I’d like to finish today with a pondering I have been throwing around in my head. I’ve been thinking about this a while, but I have to tell the truth and say that I am very hesitant to say it out loud. But you know something? I’ve never been scared of speaking my mind, and I’m not about to start any time soon.

 

I have a friend, we’ll call her Christine. Christine has a history of problems I won’t go into, but recently, she went away for some treatment, finished, and decided she wanted some more. Christine is, I wish to stress, one of the bravest people I know, and I am proud and almost humbled by how she faced the ghosts and horrors of her past in the way she did. Over a period of about 4 months, I cannot even begin to conceive how much punishment she must have put herself through almost every day, just to get better. But get better she did, and returned to normal life, happily declaring her treatment complete.

 

Of course, like everyone that knows Christine, I readily (and genuinely) joined in the congratulations – she thoroughly deserved every bit of it.

 

But then something began to trouble me. Christine declared she wanted to go by a new name, lets say Jane. Jane decided that she had left Christine behind, and that the person who had gone by her previous name was long gone into the mists of the past.
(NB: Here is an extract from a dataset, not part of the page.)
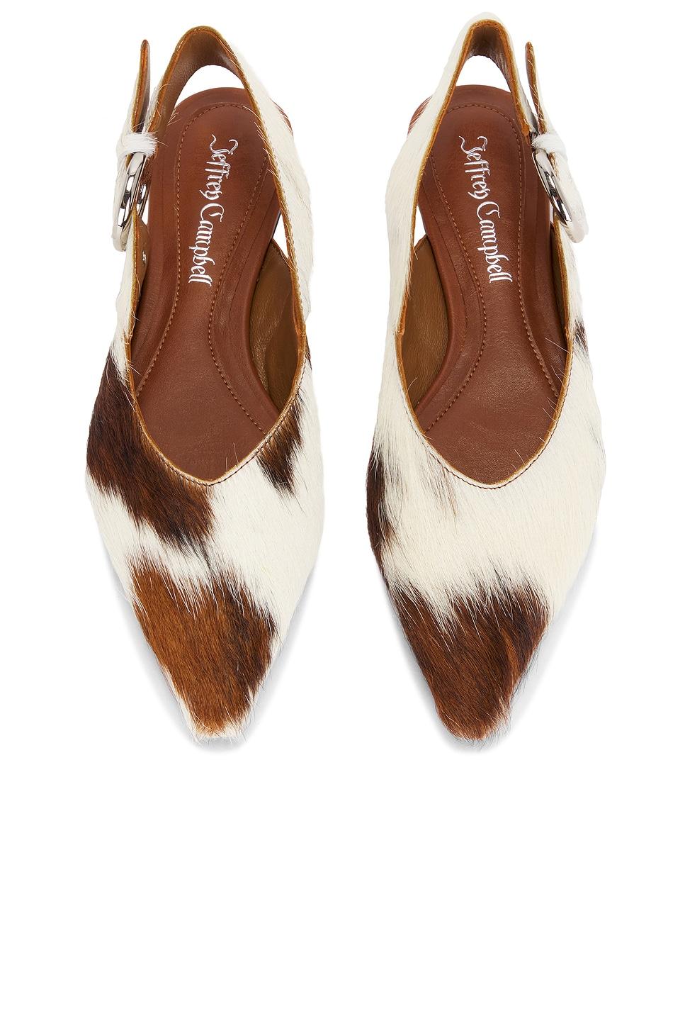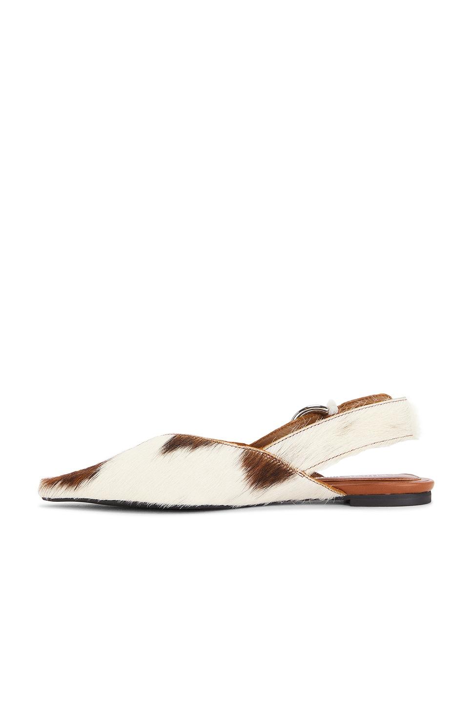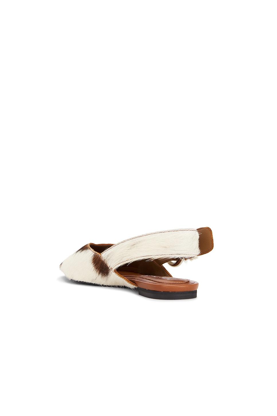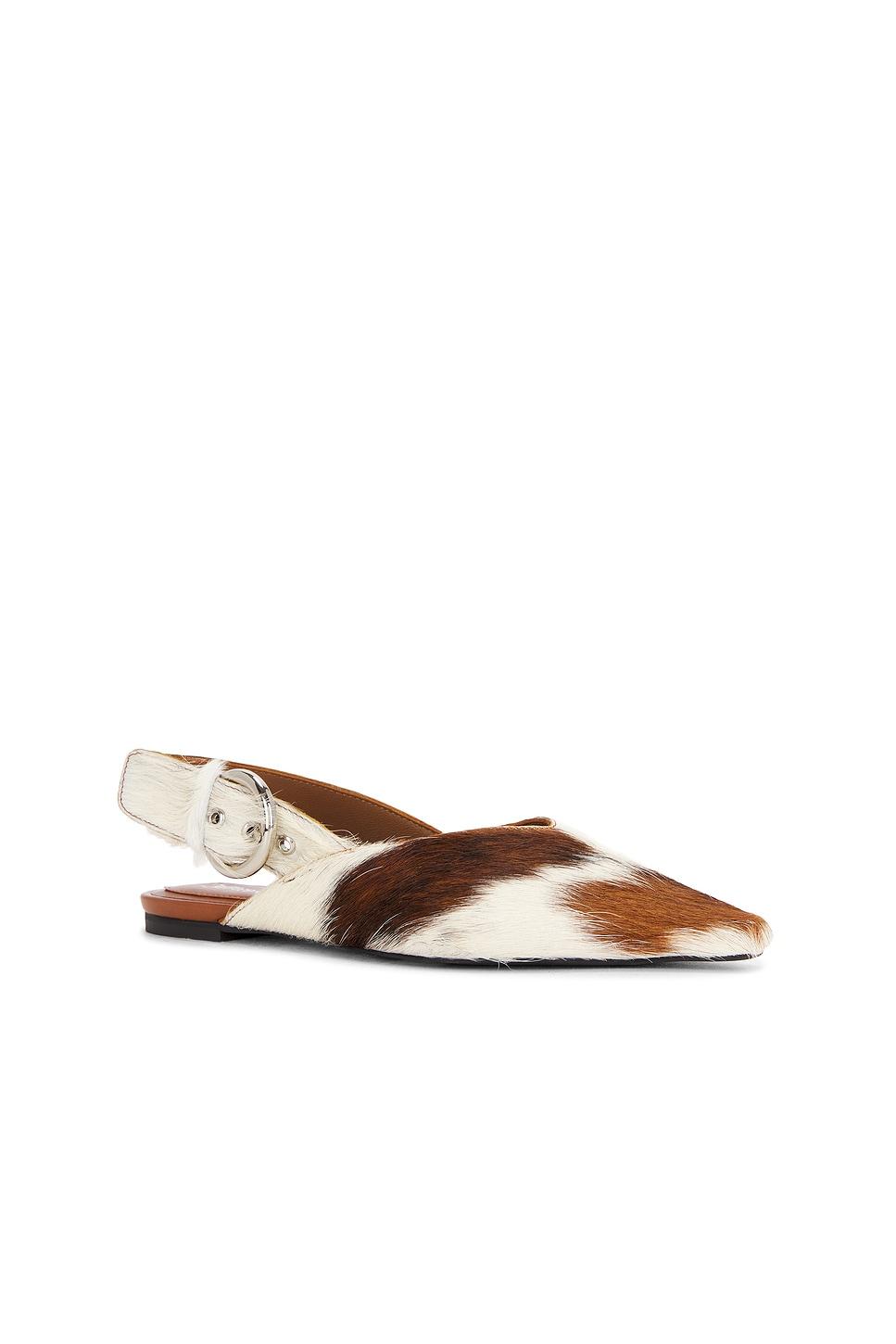Dyed cow fur upper with rubber sole. Fur Origin: China. Slip-on styling with adjustable heel strap. Silver-tone lettering on footbed. Pointed toe. This item is not available for international export. This product contains animal fur and may be subject to shipping restrictions based on your address at checkout. Made in China. Revolve Style No. JCAM-WZ2096. Manufacturer Style No. SCONE-F.

But, I have to confess, my first thought was that she was running.

 

I am in no way accusing her of anything, nor am I trying to demean what she went through, because I think she’s amazing, and, of course, I could never even begin to understand the internal processing that led to wanting to change one’s name.

 

But (now) Jane’s new name made me think of parallels with another story I had heard recently. A friend of a friend had been dating a guy for about 6 months. He was into drugs, suffered with depression and anxiety, was quick to anger, and was constantly involved in something or other ‘dodgy’. After these 6 months, this friend of a friend discovered that (a) his American accent was a fake, (b) he lied about his parents being dead, and that (c) essentially nothing he had told her had been true, not even his name. This guy was, she decided, consumed by self-hatred to the point where he had invented an entirely new persona to live by.

 

A situation I can well sympathise with, as I have done similar, just to lesser extremes.

 

So, dear readers, I leave you with a question, a question I have been wrestling with for about a week.

 

‘When is a new beginning actually a new beginning, and not just another really big target we set ourselves?’

 

Maybe you’ll be able to answer it better than I.